Travis County District Attorney José Garza's office represented the state in the case and sided with the defense, but Texas Attorney General Ken Paxton has vowed to appeal the ruling.

Texas RioGrande Legal Aid is bringing the new challenge, after one of their attorneys, Kristin Etter, testified during the Jan. 13 hearing. The group's new petition makes the same arguments that Guzman Curipoma's attorneys made in Travis County last week.

Etter argued last week that those arrested through Operation Lone Star are not afforded the rights they should be under the U.S. Constitution, including the right to an attorney and a speedy trial.

Operation Lone Star "places those individuals in a separate, substandard and unequal criminal justice system based solely on their suspected immigration status," Etter testified.

"It's absolutely a separate system at every level," she said.

More: Texas AG Paxton to appeal Austin judge's ruling that Operation Lone Star is unconstitutional

Abbott unveiled Operation Lone Star in March, saying he was deploying thousands of DPS officers and Texas National Guard troops to the border amid a sharp increase in migrants crossing from Mexico illegally or to seek asylum.

"We will surge the resources and law enforcement personnel needed to confront this crisis,” Abbott said at the time, blaming the Biden administration for policies that he said invited illegal immigration and roiled the border in a growing humanitarian crisis.

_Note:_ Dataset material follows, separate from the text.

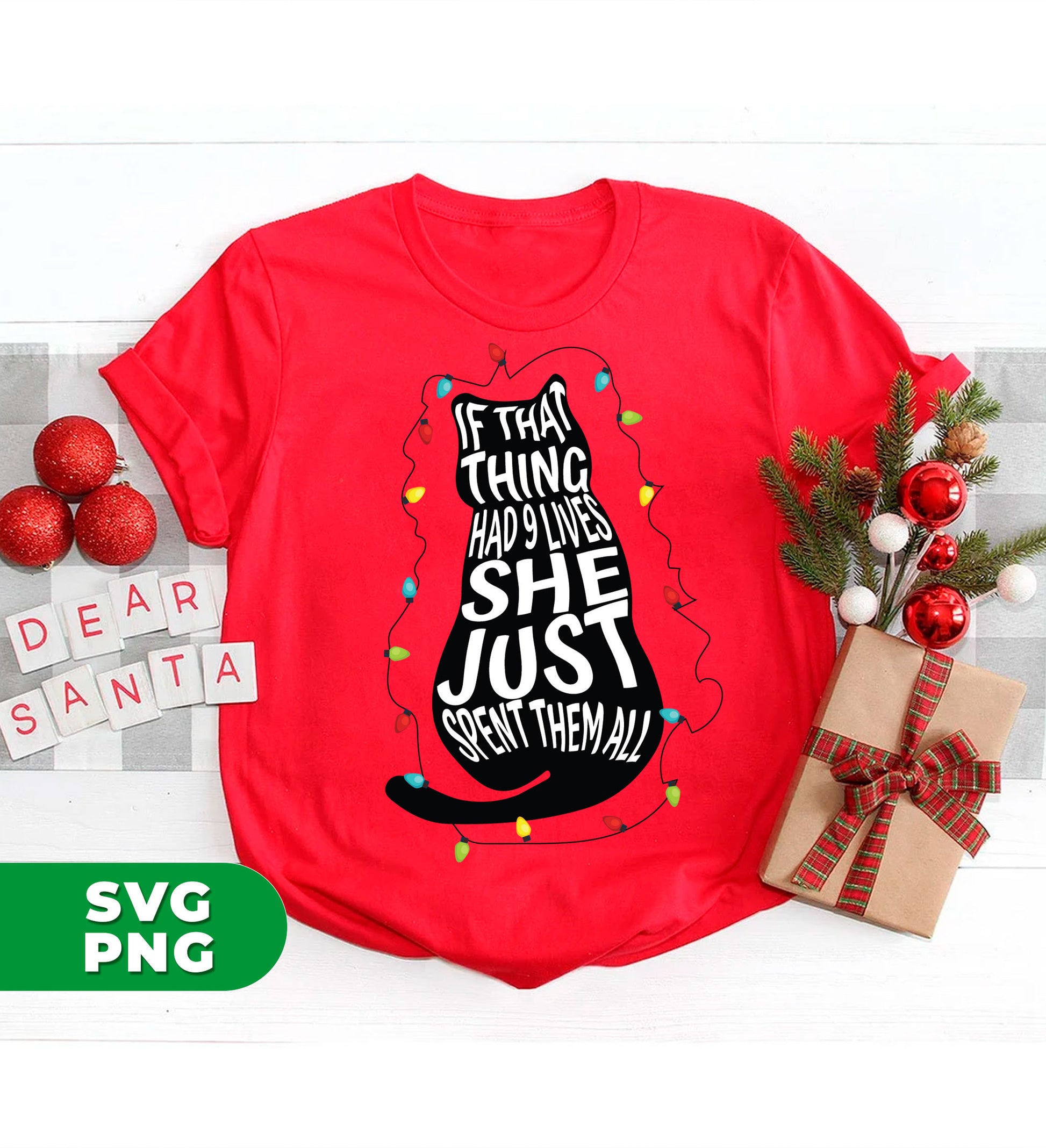 Discover the perfect addition to your holiday decorations with If That Thing Had 9 Lives, She Just Spent Them All Xmas Lights. This digital download includes high-quality png sublimation files for effortless customization. With 9 lives worth of use, these lights will be a timeless and unique addition to your Christmas display.

Abbott's office last year committed almost $75 million to the effort, including $22.3 million toward efforts to prosecute state crimes at the border.

Most of those arrested have been charged with criminal trespass, defense attorneys said.

Typically in Texas, if someone is charged with criminal trespass, "most prosecutors aren't seeking jail time or hefty fines on a case like that," testified Kathryn Dyer, a University of Texas law professor who has represented people charged under Operation Lone Star. "Many, many criminal trespass cases get dismissed, and they are treated as much less serious offenses in the criminal legal system. It is rare for somebody to be held on pretrial detention on a criminal trespass case."

Of the 53 Kinney County defendants who are still in jail, all have been held for more than 100 days, according to court records.